---
title: Azure SQL Server Firewall Rules Created or Modified
description: Datadog, the leading service for cloud-scale monitoring.
breadcrumbs: >-
  Docs > Datadog Security > OOTB Rules > Azure SQL Server Firewall Rules Created
  or Modified
---

# Azure SQL Server Firewall Rules Created or Modified
Classification:attackTactic:[TA0005-defense-evasion](https://attack.mitre.org/tactics/TA0005)Technique:[T1562-impair-defenses](https://attack.mitre.org/techniques/T1562) 
## Goal{% #goal %}

Detect when an Azure network security rule has been created, modified, or deleted.

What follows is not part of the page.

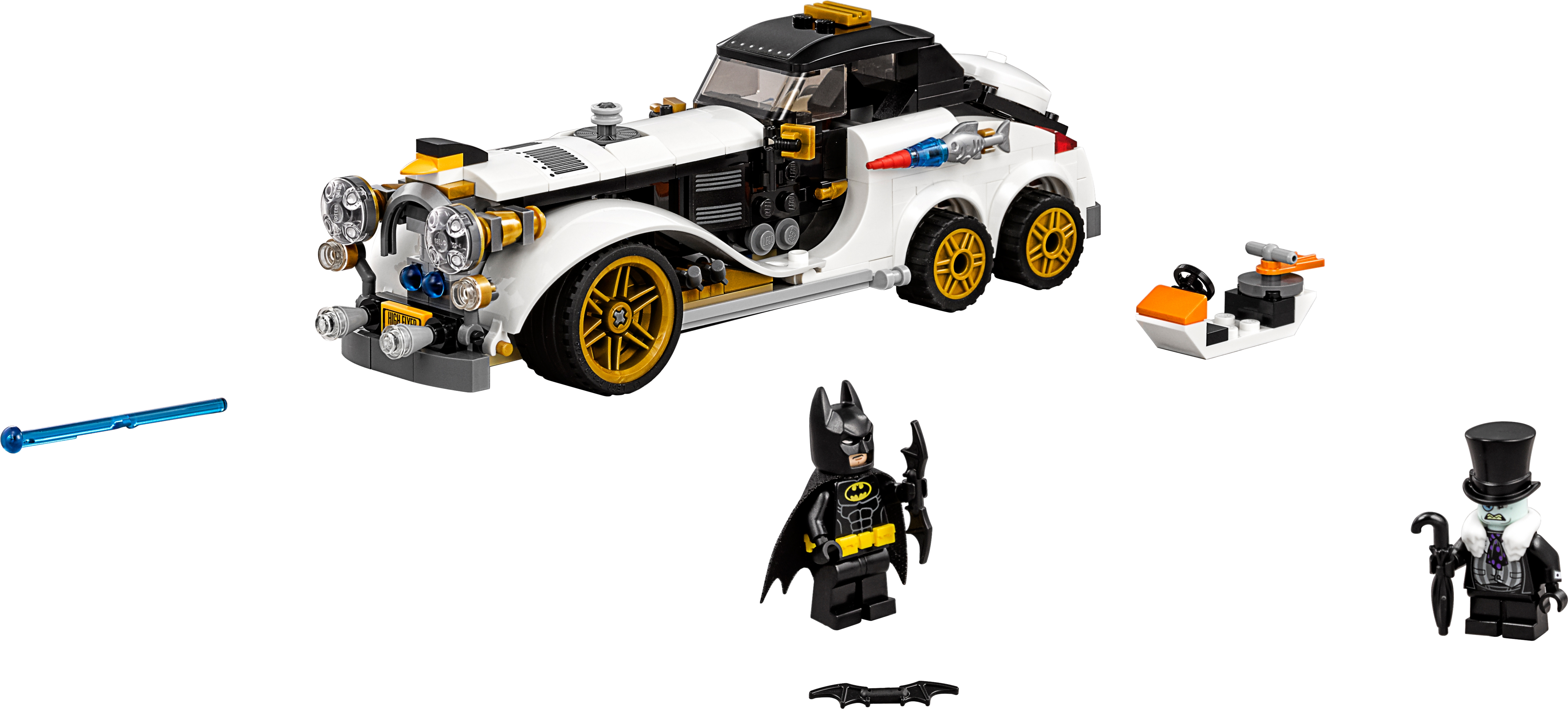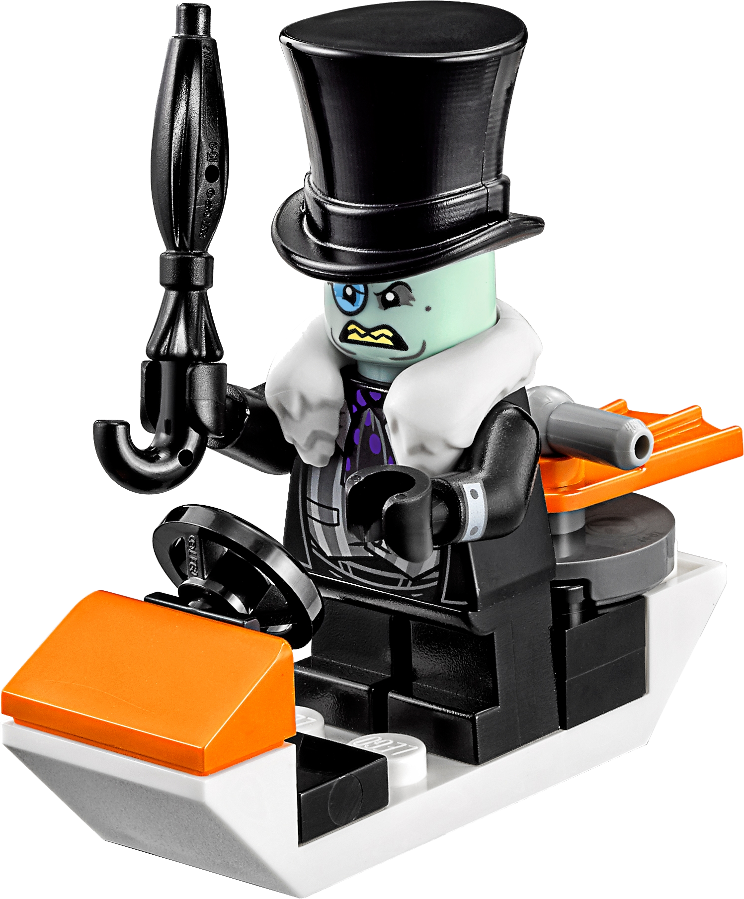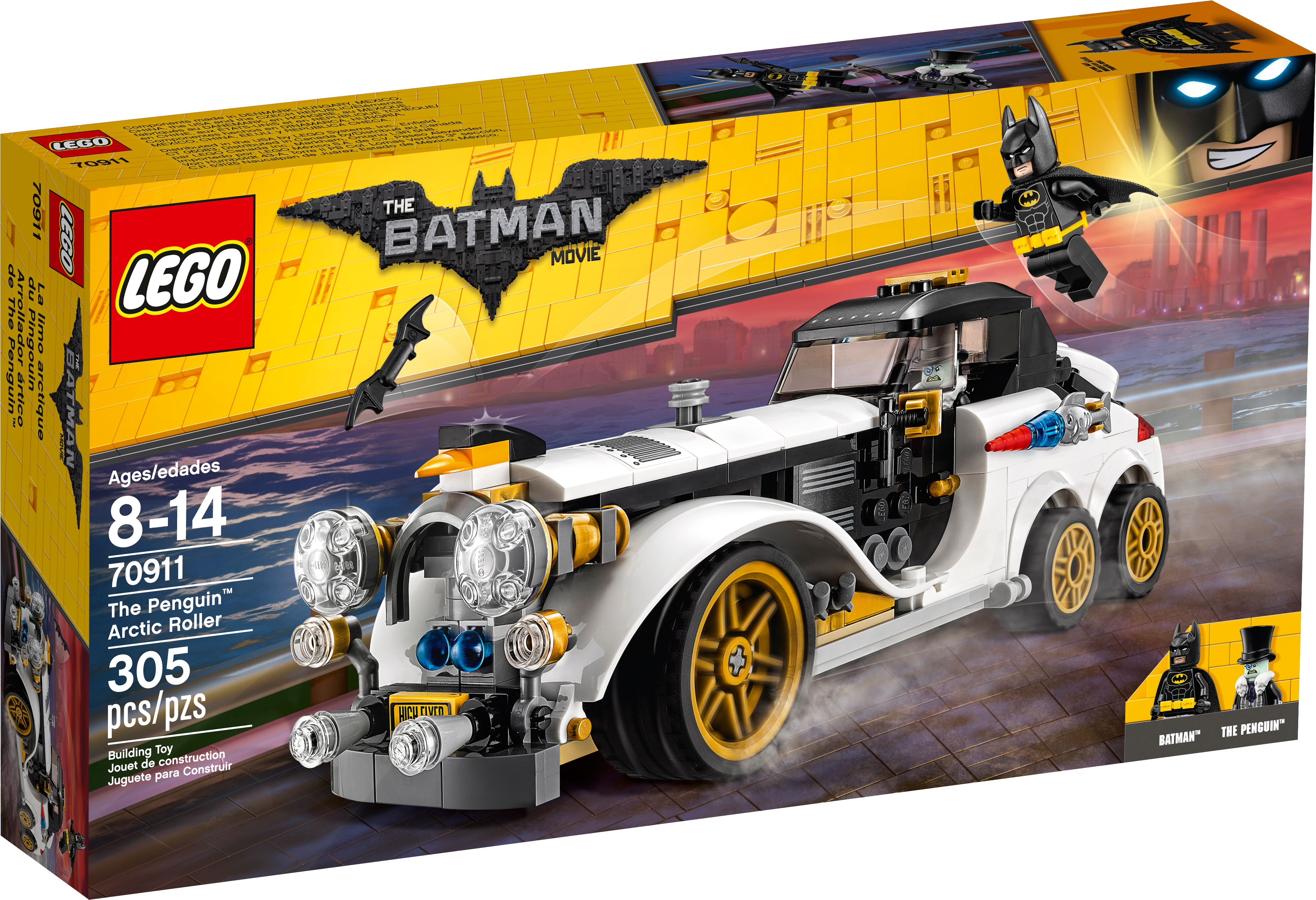 Join Batman’s pursuit of The Penguin in THE LEGO® BATMAN MOVIE: The Penguin™ Arctic Roller set. The Arctic Roller vehicle features a minifigure cockpit with removable roof, dual spring-loaded shooter and loads of quirky penguin details. Add an extra dimension to the chase by opening the trunk and placing The Penguin™ on his penguin mini escape pod. Includes two minifigures. Includes two minifigures: Batman™ and The Penguin™. The Arctic Roller features a minifigure cockpit with removable roof, six wheels with rubber tires and golden-colored trims, dual spring-loaded shooter, an opening trunk with penguin mini escape pod, fish missile details on either side of the car, penguin-head hood ornament and translucent headlight-style elements. Press the button on the hood to fire the spring-loaded shooters. The penguin mini escape pod has an open minifigure cockpit, steering wheel element and penguin details. Includes Batman’s Batarang. Accessory elements include Batman’s cape and new-for-spring-2017 molded utility belt, and the Penguin’s collar, top hat and umbrella. This set offers an age-appropriate build and play experience for ages 8+. Arctic Roller measures over 2” (7cm) high, 8” (22cm) long and 2” (7cm) wide.

## Strategy{% #strategy %}

Monitor Azure activity logs and detect when the `@evt.name` is equal to any of the following names:

- `MICROSOFT.NETWORK/NETWORKSECURITYGROUPS/SECURITYRULES/WRITE`
- `MICROSOFT.NETWORK/NETWORKSECURITYGROUPS/SECURITYRULES/DELETE`

and `@evt.outcome` is equal to `Success`.

## Triage and response{% #triage-and-response %}

Inspect the security rule and determine if it exposes any Azure resources that should not be made public.